An elastic cord can be stretched to it’s elastic limit by a load of 2N if a 35cm length of time cord is extended by 0.6cm by a force of0.5N what will be the length of the cord when the stretching force is 2.5N
To solve this question, we need to use Hooke's Law, which states that the extension of an elastic material is directly proportional to the force applied to it within its elastic limit.
Let's denote the original length of the cord as L0 and the original stretching force as F0. Given that the cord can be stretched to its elastic limit by a load of 2N, we can say that L0 + 0.6 cm will be the length of the cord at the elastic limit.

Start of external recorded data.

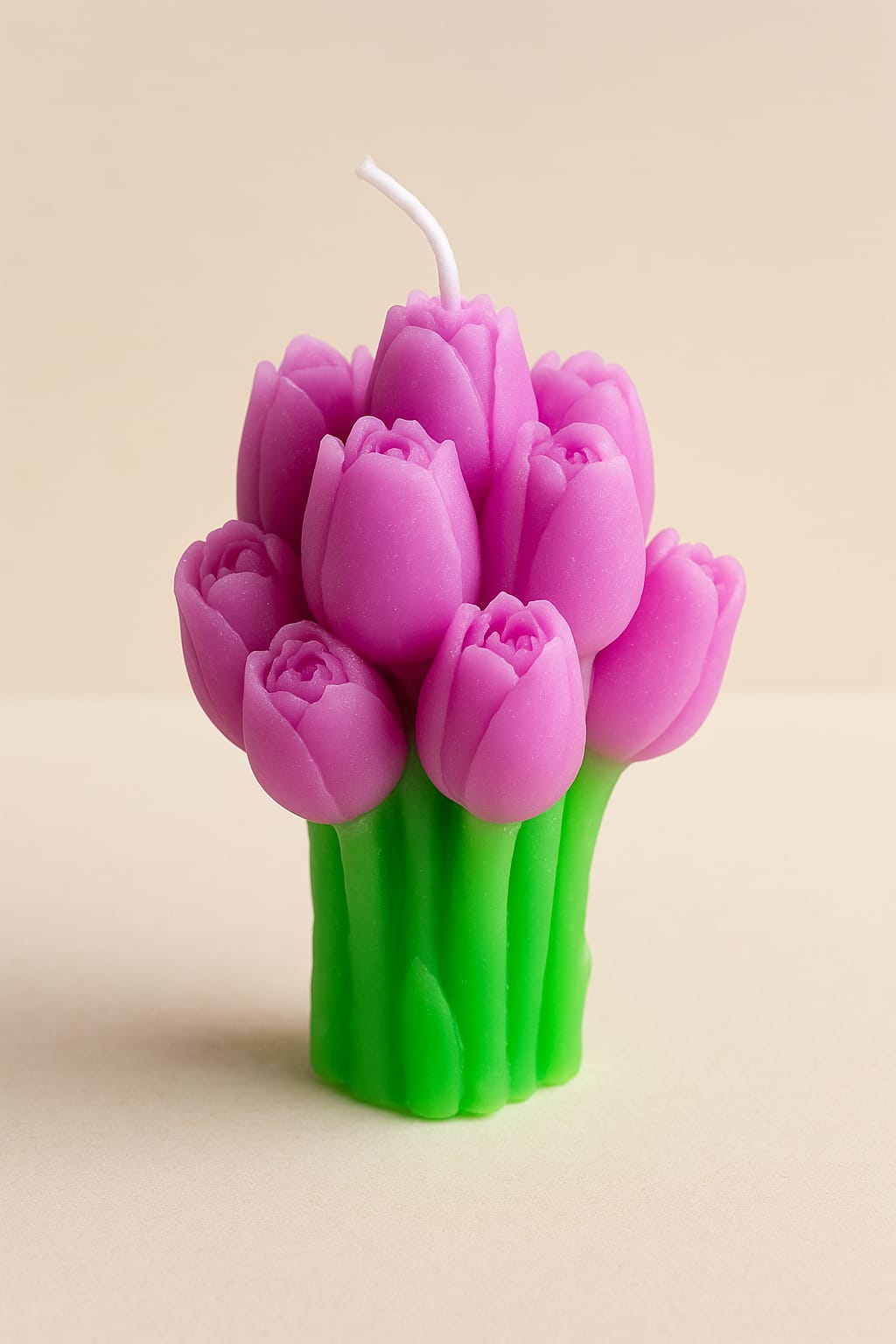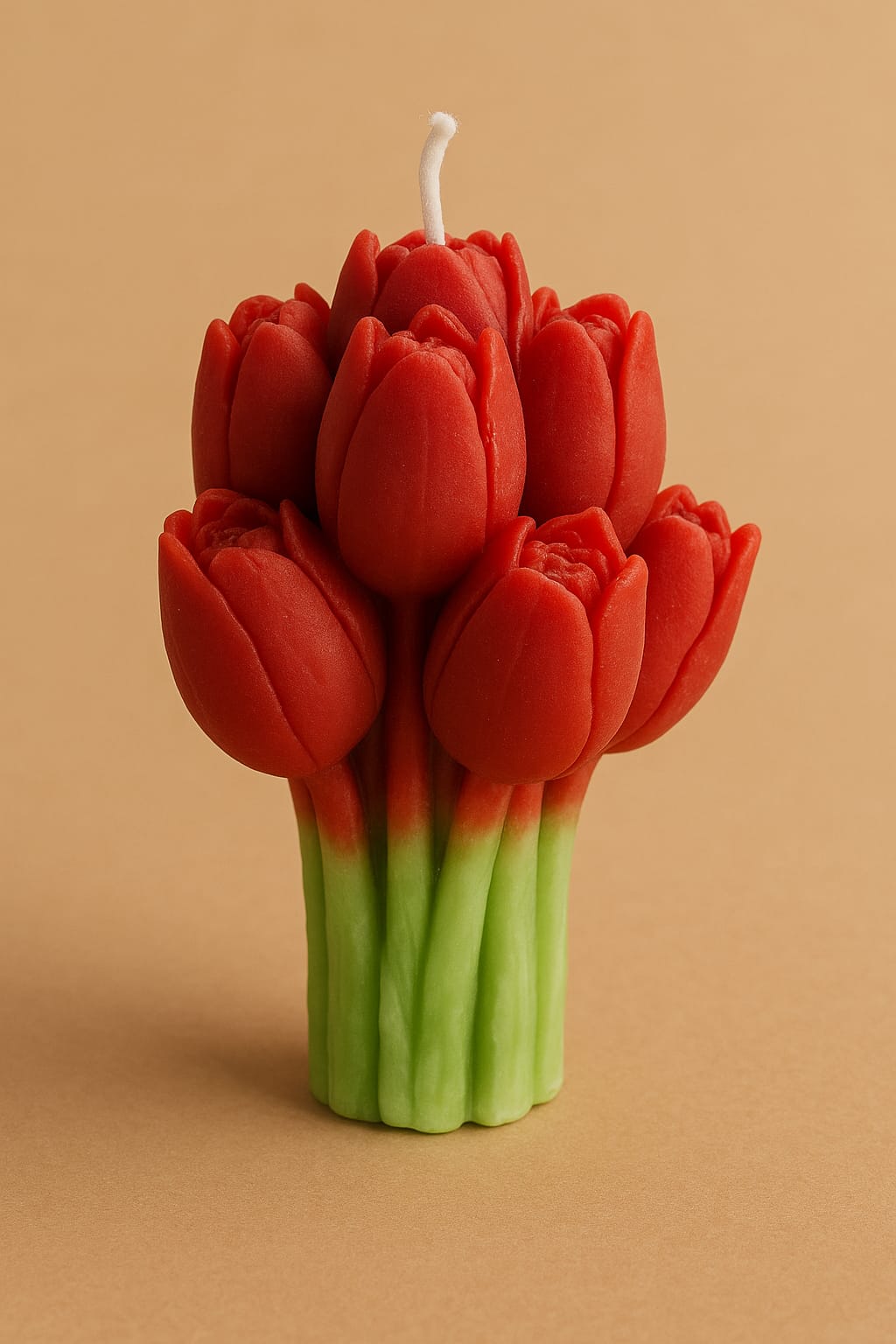 Each candle is crafted with love and attention to detail — designed to melt evenly and last longer than traditional paraffin candles. Perfect as a birthday gift, wedding favor, or home décor accent, this tulip-shaped candle brings warmth, serenity, and style to every occasion.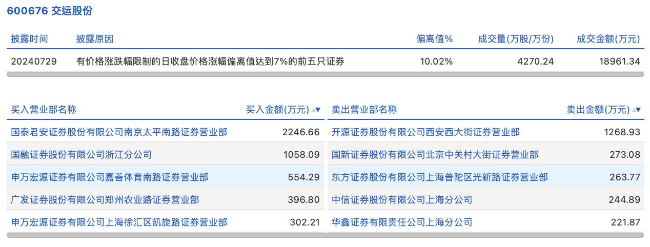 7月29日,交运股份今日涨停,龙虎榜数据显示,上榜营业部席位全天成交6830.58万元,占当日总成交金额比例为36.02%。其中,买入金额为4558.04万元,卖出金额为2272.54万元,合计净买入2285.5万元。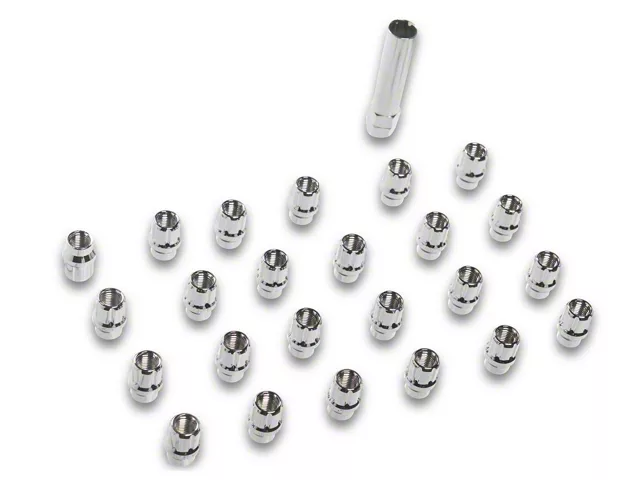 Secure and Durable Fastening. The Chrome Open Acorn Spline ET Lug Nuts offer a stylish and secure solution for your Toyota Tacoma's wheels. Furthermore, this set of 24-lug nuts features a spline ET style, providing enhanced security and preventing unauthorized removal. The open acorn design allows for use with extended wheel studs.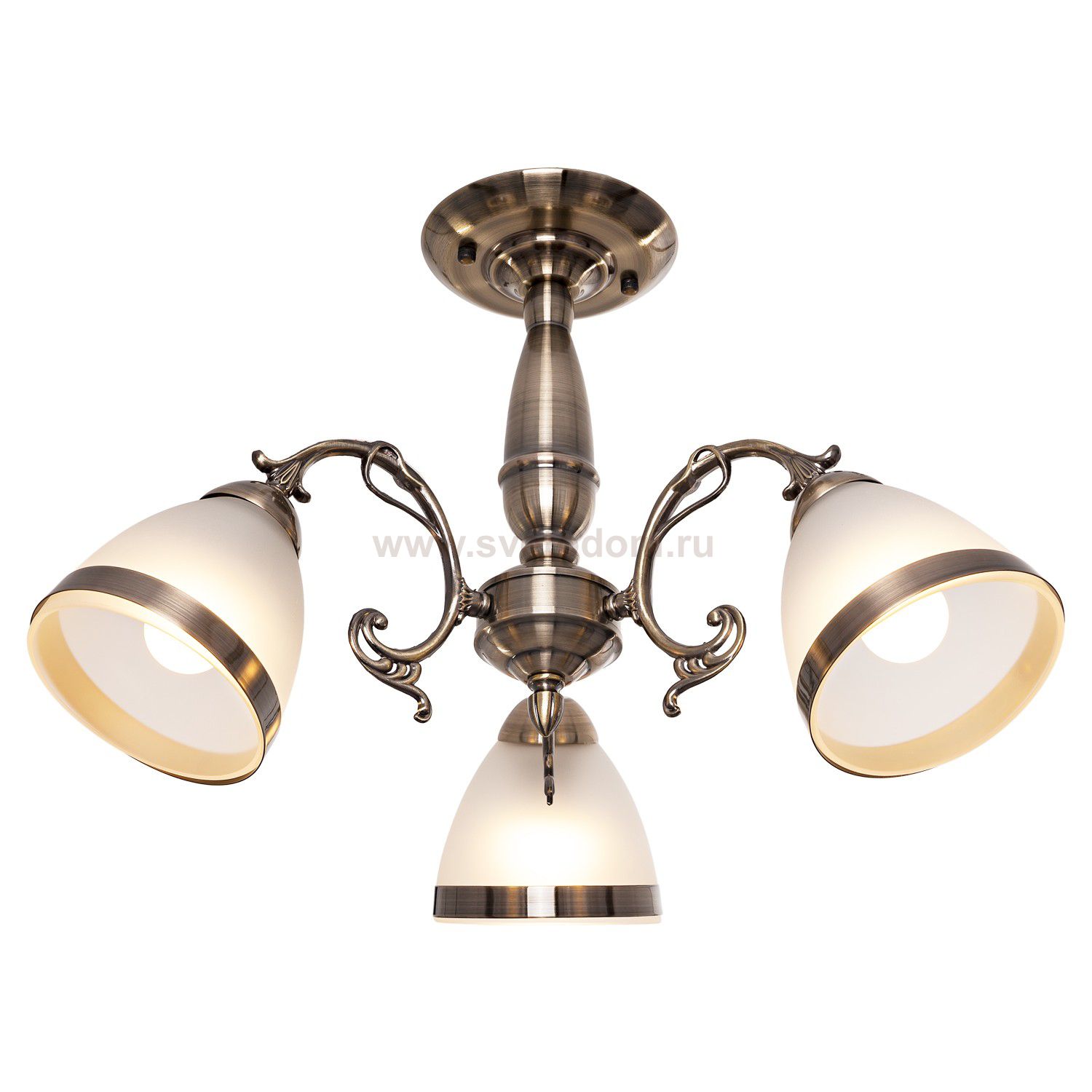 Люстра классическая 30280/3AB WT от бренда ЭкономСвет. Каркас выполнен из материала металл, цвет античная бронза. Плафоны (светорассеиватели) выполнены из материала стекло; цвета: белый и античная бронза. Цоколь E27 рассчитан на лампы максимальной мощности до 40 Вт, а максимальная площадь освещения составит до 7 м?.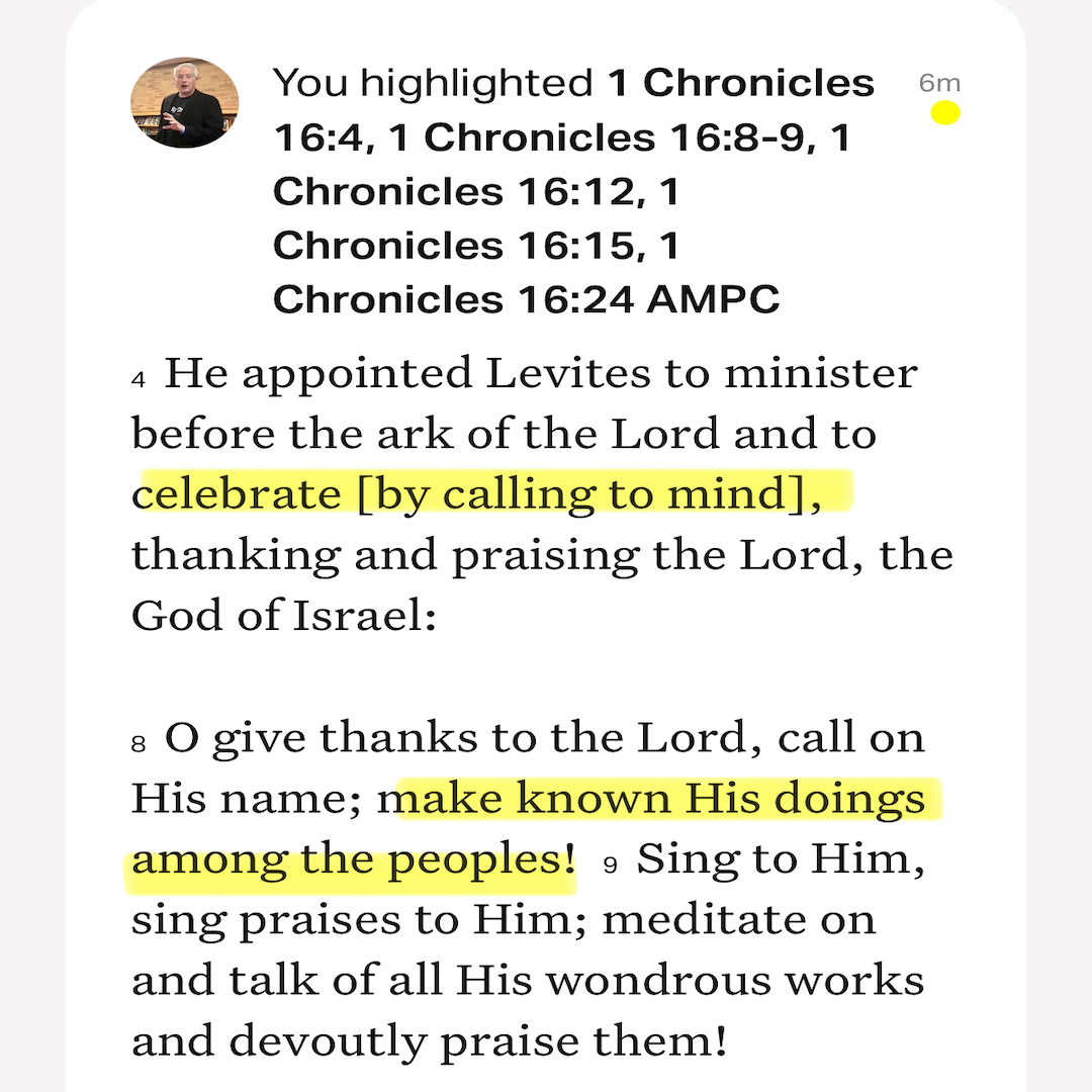 [King David] appointed Levites to minister before the ark of the Lord and to celebrate by calling to mind, thanking and praising the Lord, the God of Israel: … O give thanks to the Lord, call on His name; make known His doings among the peoples! Sing to Him, sing praises to Him; meditate on and talk of all His wondrous works and devoutly praise them! … Earnestly remember the marvelous deeds which He has done, His miracles, and the judgments He uttered as in Egypt. … Be mindful of His covenant forever, the promise which He commanded and established to a thousand generations. … Declare His glory among the nations, His marvelous works among all peoples. (1 Chronicles 16:4, 8-9, 12, 15, 24 AMPC)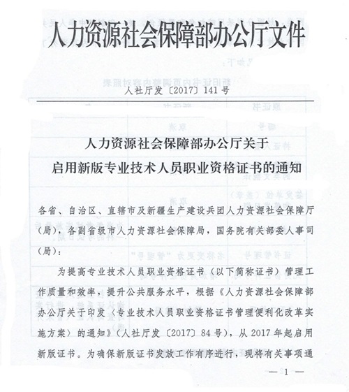 人力资源社会保障部办公厅关于启用新版专业技术人员资格证书的通知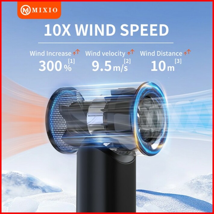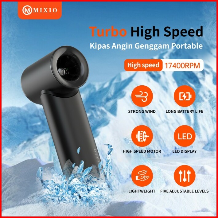 Mixio Gs-04 Mini Kipas Angin Turbo Strong Portable Handheld Rechargeable Mini Fan Lipat High Speed 17400rpm

We can now set up a proportion to find the constant of proportionality (k) for this elastic cord:
(F0 / L0) = (2N / 0.6 cm)
To find the value of F0, we need to rearrange the equation:
F0 = (2N / 0.6 cm) * L0
Now, let's solve for L1, which will be the length of the cord when the stretching force is 2.5N. We can use the same proportionality constant (k):
(2.5N / L1) = (F0 / L0)
Rearranging the equation to find L1:
L1 = (F0 / L0) * (2.5N)
Plugging in the value of F0 from the previous equation:
L1 = [(2N / 0.6 cm) * L0 / L0] * (2.5N)
Simplifying the expression:
L1 = (2N / 0.6 cm) * (2.5N)
L1 = (5/3) * 2.5N
L1 = 12.5/3 cm
Therefore, the length of the cord when the stretching force is 2.5N will be approximately 4.17 cm.